Your Impact
Site Reliability Engineering (SRE) is an engineering discipline that combines software and systems engineering to build and run large-scale, massively distributed, fault-tolerant systems. At Goldman Sachs, SRE is responsible for improving the availability and reliability of some of the firm’s most critical platform services, and ensures they meet the requirements of our internal and external users. We are looking for engineers who are motivated to collaborate with our businesses to build and run sustainable production systems, which can evolve and adapt to changes in our fast-paced, global business environment.
The SRE team develops and maintains platforms and tools which help other engineering teams in Goldman Sachs to build and operate reliable and resilient systems. The platforms we offer range from central logging and tracing to monitoring and alerting and we provide tools to drive adoption and improvements to capacity planning, operational readiness assessments, production incident postmortems, SLIs / SLOs, and deployment automation including canary releases.
The products and services we provide to our internal customers are used by thousands of engineers every day. We believe that reliability is the most important feature of any system, and we are devoted to giving our engineers the platforms and tools they need to build and operate reliable products.

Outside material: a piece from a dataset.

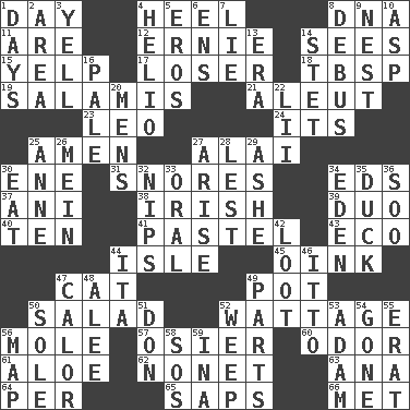 ACROSS 1. 24 hours 4. Person who is morally reprehensible 8. Heredity factor (abbr.) 11. "We ___ not amused" (Victoria) 12. Bert's buddy 14. Perceives with the eye 15. Sharp bark 17. Failure 18. Cook's measure (abbr.) 19. Deli grouping 21. Eskimo relative 23. Lion 24. ___ a Wonderful Life 25. So be it 27. Jai ____ 30. Compass dir. 31. Sounds asleep 34. Begley and Asner 37. Cuckoo 38. From or relating to Ireland 39. Superhero pair 40. Nine, plus one 41. Soft color 43. Environmental prefix 44. Small island 45. Pig sound 47. Feline 49. Cooking vessel 50. First course 52. Electrical Measurement 56. Undercover agent 57. Flexible twig of a willow tree 60. Scent 61. _ vera 62. Music written for nine 63. Santa ___, CA 64. For each 65. Plant excrements 66. Was introduced to DOWN 1. 24-hour periods 2. Type of rug 3. Shout 4. Sun: prefix 5. Greek god of love 6. Followers of ems 7. Whopper 8. Alight from a bus 9. Egg locale 10. Cleo's killer 13. Period 14. Proofreading order 16. Diluted with white 20. Not women's 22. Cards in a Roman deck? 25. Singer Murray 26. Count _ (2 wds.) 27. Originate 28. For fear that 29. American tennis player Robert 30. Consume 32. Pinches, bites 33. Relating to the mouth 34. Genesis locale 35. Evade 36. "Barney Miller" actor Jack 42. Spoils 44. Call ___ day 46. "Tell ____ the Marines!" 47. Bodily heat indicating an inflammation 48. Toward shelter 49. Pieces 50. Not divided or shared with others 51. Spanish title 52. Shed a tear 53. First man 54. Went 55. Part of Q.E.F. 56. Atlas unit 58. Distress signal 59. _ tizzy (2 wds.)

How You Will Fulfil Your Potential
As a developer in the SRE team, you will work with internal customers, product owners, and SREs to design, develop, and support the platforms and tools we provide to other engineering teams to enable them to run reliable large scale production systems spanning cloud and on-prem datacenters.
Responsibilities
- Design, develop, and support SRE platforms and tools
- Create and support automation solutions and build out monitoring and alerting to improve the reliability of the platforms and tools we operate
- Collaborate with other teams to onboard them onto SRE owned platforms and tools and help them implement SRE best practices
- Adhere to and drive SRE disciplines and processes across the global team
Basic Qualifications
- Degree in computer science or engineering with at least 3 years industry experience
- Proficiency in at least one major programming language, preferably in Java or Go and JavaScript / Typescript
- Excellent programming skills including debugging, testing, and optimizing code
- Strong problem solving / analytical skills
- Experience with algorithms, data structures as well as software and system design
- Experience automating operational tasks
- Comfortable with technical ownership, managing multiple stakeholders, and working as part of a global team
Preferred Experience
- Experience with distributed systems design, maintenance, and troubleshooting
- Experience with databases / data stores like PostgreSQL, MongoDB, and Elasticsearch
- Proficiency in using Terraform for Infrastructure deployment and management
- Knowledge of cloud native solutions in AWS or GCP
- Systems experience in Linux and networking, especially in scaling for performance and debugging complex distributed systems
- Experience with monitoring and alerting systems